GOLD INVESTING prices twice jumped to $1270 per ounce on Friday, first as the US military bombed Assad-regime facilities in Syria after this week’s chemical weapons attack on Idlib, and then as US jobs data said the world’s largest economy added just 98,000 jobs in March.
Both times, wholesale gold investing bars then retreated to $1264 per ounce – the late-February peak now called “key resistance” by several price-chart analysts.
Way below economists’ forecasts of 180,000 non-farm payrolls growth for last month, the Bureau of Labor Statistics’ first estimate
was barely half the average March addition of the last 7 years, since the global financial crisis of 2008-2009.
The jobless rate fell however to 4.5% last month, the lowest level since the US housing slowdown began hitting hedge funds betting on subprime mortgage investment bonds
in May 2007.
Investing in gold futures and options had already spiked the price up to $1269 per ounce overnight, adding nearly $20 per ounce inside 1 hour of the US airstrikes in Syria, authorised by the new US President’s sudden U-turn against the Assad regime.
Chinese gold prices extended their premium over London bullion quotes to $12.75 per ounce at Shanghai’s afternoon ‘fixing’ benchmark
, offering the strongest incentive this week to new imports into the world No.1 consumer nation.
“The 200-day Moving Average at $1259 has proved significant resistance for gold,” said a technical analysis from French investment bank Societe Generale yesterday, also highlighting the multi-month peak of 6 weeks ago, some $5 above there.
Looking back to that late-February high, “The formation of a Double Top on hourly charts further gives evidence [that] $1259/1264 remains a key level,” the note said.
“Undoubtedly,” added Russia’s Foreign Ministry, “the US military action is an attempt to distract attention
from…actions conducted by the US-led coalition [in which] hundreds of civilians have been killed and a humanitarian catastrophe has been gathering pace.”
In London, “Where will it all end?”
asked former UKIP leader and Brexit victor Nigel Farage – now a radio talk-show host in London, rather than UK ambassador to Washington as Trump had suggested – saying that “Whatever Assad’s sins, he is secular,” as opposed to religious-inspired terrorists.
Welcoming the US action after this week’s Sarin gas attack on civilians in Syria’s opposition-held city of Idlib, foreign minister Mevlut Cavusoglu of neighboring Turkey – formerly the world No.4 gold buying nation
, now down to 6th – meantime said he “[won’t be] diplomatic at all”

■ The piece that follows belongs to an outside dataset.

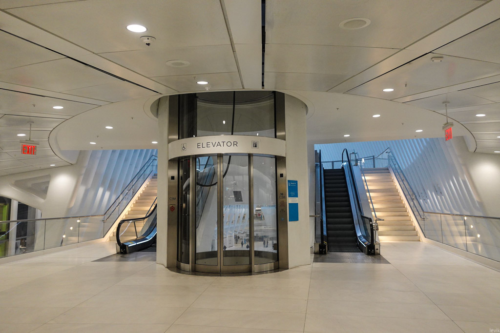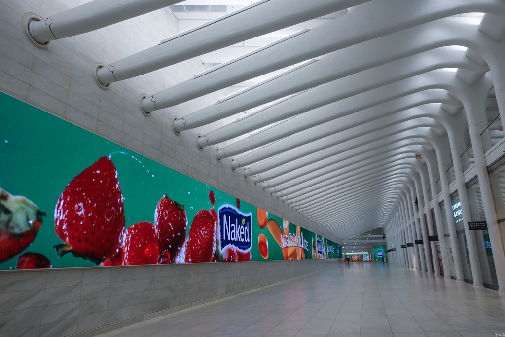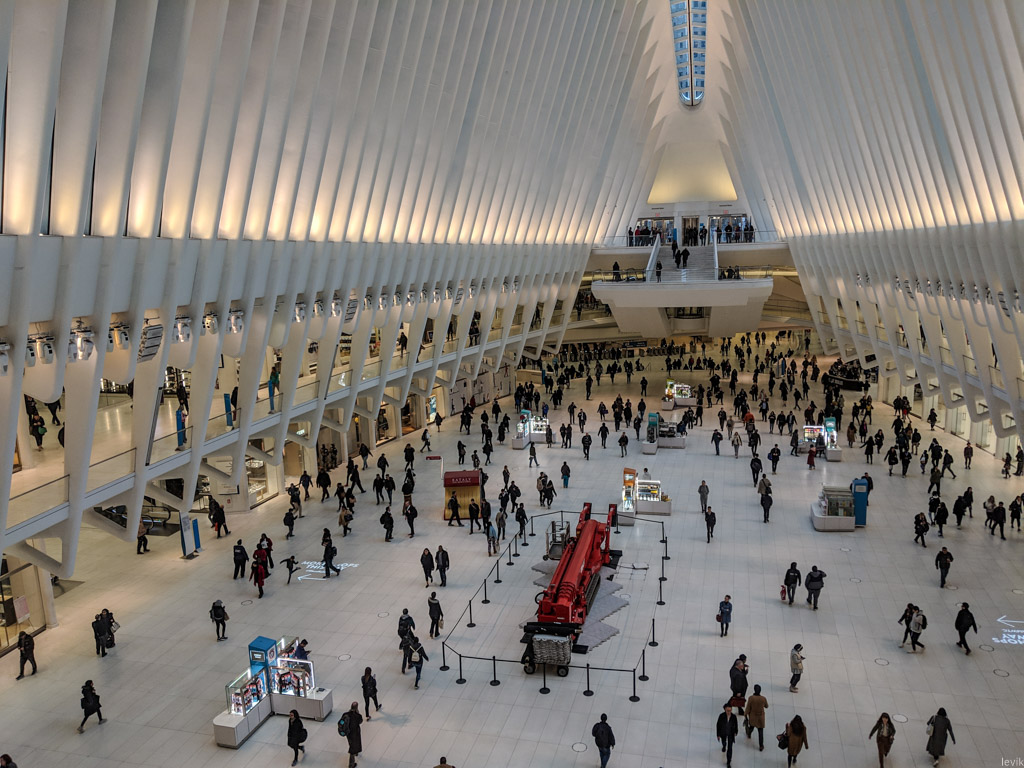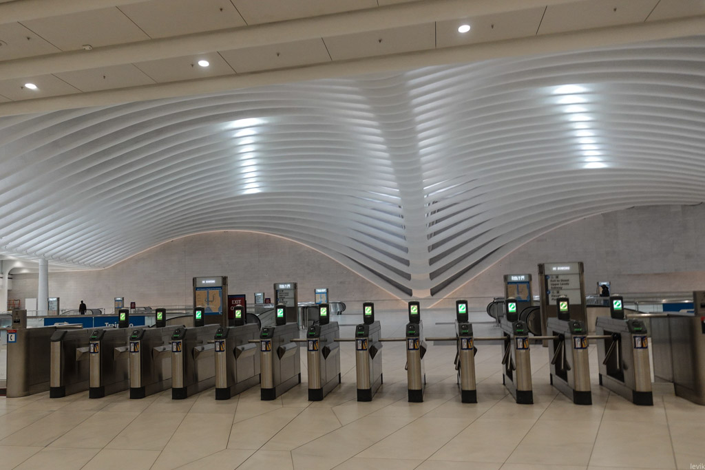 9. Вообще конечно безлюдность длилась недолго. Всё же Окулус соединяет несколько линий метро, и каждые пару мнут на одной из них приходит поезд. Из него выходит горстка людей, и они разбредаются куда-то по своим делам (возможно, просто пересаживаются на другую линию).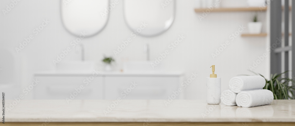 Empty space on a luxury white tabletop in a luxury white bathroom with double sink

in telling the United States it needs to stop supporting Kurdish separatists the YPG, also now fighting ISIS in the Syrian conflict.
Even with Russia and the US split, “You’ve got two superpowers competing over a terrorist organization,” Cavusoglu said.
“If our allies leave us alone in the fight against [Kurdish] terrorism…we’ll continue on our own.”
Following last year’s failed coup attempt in Ankara, Turkey on April 16 will hold a controversial referendum on giving President Erdogan sweeping new powers.
Opinion polls currently show a 53.3% vote for ‘No’
nationwide, but ‘Yes’ rises to 70% in Erdogan’s key support-base region of Central Anatolia.